Protocol of the Session on October 24, 2002

Weil immer nur über die Zahlen der Zunahme diskutiert wird – das sind 28,4 Hektar pro Tag –, will ich heute auch noch einmal auf die Ist-Situation hinweisen. Wir haben in Bayern bei der Siedlungs- und Verkehrsfläche einen Anteil von 10% an der Landesfläche; davon sind 4% tatsächlich versiegelt. Das heißt also, 96% sind Wälder, Wiesen, Äcker und die Flure unserer Landschaft. Ich sage dies, damit man nicht immer in den Duktus verfällt, Bayern wäre zubetoniert.

Aber wir haben die Aufgabe, dass wir, weil wir sehen, dass der Flächenverbrauch wächst, dem entgegenwirken, dass wir den Trend stoppen und eine Trendumkehr einleiten. Wir nehmen deshalb – wie auch in den anderen Fällen, wie beim Lawinenschutz, wie beim Hochwasserschutz – das Landesentwicklungsprogramm zur Hilfe und formulieren darin zum ersten Mal verbindlich ein neues Ziel, dass nämlich die Innenentwicklung, die Nachverdichtung, die Nutzung ausgewiesener Neubauflächen Vorrang vor Neuausweisungen haben müssen.

(Gartzke (SPD): Das ist ja goldig!)

Das heißt, der Gemeinderat muss künftig in seiner Beratung zunächst einmal sehen, was er an Baulücken in der Gemeinde hat, was in der Gemeinde innen noch verdichtet werden kann, wo vielleicht ein früheres Bahngelände, ein Munitionsgelände der Bundeswehr oder anderes genutzt werden kann, um daraus eine neue Entwicklung zu machen.

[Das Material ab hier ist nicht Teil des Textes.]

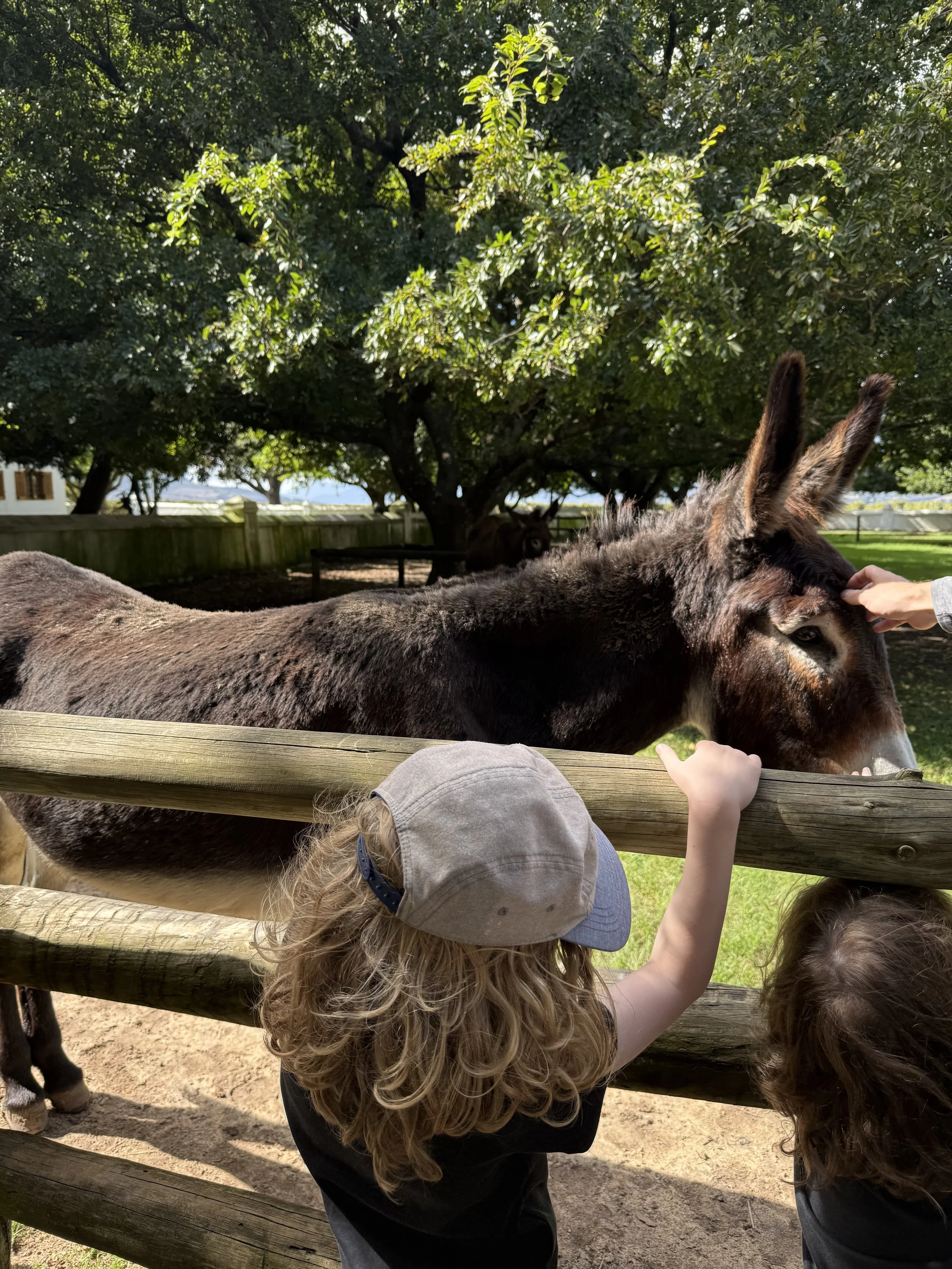 Our last stop of the day was Babylonstoren which came highly recommended from multiple sources with one listing it as, “The most beautiful place I’ve ever been.” After the check-in and a bathroom emergency (crisis averted), we went to get gelato. On the way we saw donkeys and Ollie said, “Snap a picture of that donkey’s jelly beans! They look slimy!” We chuckled but kept it moving to the gelato shop where Ollie had water buffalo gelato and Len had mulberry. We spent ~90 minutes wandering the grounds which were stunning and impeccably maintained. We debated doing another tasting, but didn’t see a playground in sight to occupy the boys and figured it would have been brutal without a distraction for them.

Auch bei Infrastrukturmaßnahmen – so sieht es die Zielformulierung vor – muss der Verbrauch von Landschaft und Fläche gering gehalten werden.

Wir haben dazu ein „Kommunales Flächenressourcenmanagement“ gestartet; vier Pilotgemeinden arbeiten daran und im nächsten Jahr werden wir bayernweit ein

Bündnis zum Flächensparen abschließen, um damit diese Trendwende einzuleiten und gemeinsam mit den Kommunen im Rahmen deren Planungshoheit eine Rückführung des Flächenverbrauchs zu erreichen.

Meine sehr verehrten Kolleginnen und Kollegen, meine sehr verehrten Damen und Herren, ich möchte mit diesen aufgezeigten Schwerpunkten deutlich machen, dass wir auf konsequenten Vollzug des Ordnungsrechts auf der einen Seite und auf gemeinsame Zukunftsverantwortung in Partnerschaft mit Wirtschaft und Gesellschaft auf der anderen Seite setzen.

Ich bin davon überzeugt, wenn es so etwas im Umweltbereich gäbe, wie wir es jetzt bei der Bildung mit Pisa auf dem Tisch haben, dann bekäme die bayerische Entwicklungs- und Umweltpolitik im Ländervergleich die gleichen guten Noten, wie es bei der Schulpolitik der Fall ist.

(Beifall bei der CSU)

Denn trotz aller schwierigen Rahmenbedingungen, die ich einleitend aufgezeigt habe, ist auch dieser vorgelegte Haushaltsentwurf ein Beispiel dafür, dass Umweltschutz in Bayern als zeitlose Daueraufgabe verstanden wird und nicht als ein Luxusartikel, den man sich bei guter Konjunktur leistet und dann, wenn es schlechter geht, davon Abstand nimmt.

Wir können auch mit diesem Haushalt deutlich machen, was Bayern nunmehr seit über 30 Jahren mit dem ersten Umweltministerium der Welt praktiziert und in konsequenter Arbeit des Bayerischen Landtags mit vielen Inhalten ausgefüllt hat, dass wir im Umweltschutz eine Aufgabe sehen, Schöpfungsverantwortung wahrzunehmen, damit sich unser Handeln heute nicht auf dem Rücken unserer Kinder und Enkelkinder auswirkt.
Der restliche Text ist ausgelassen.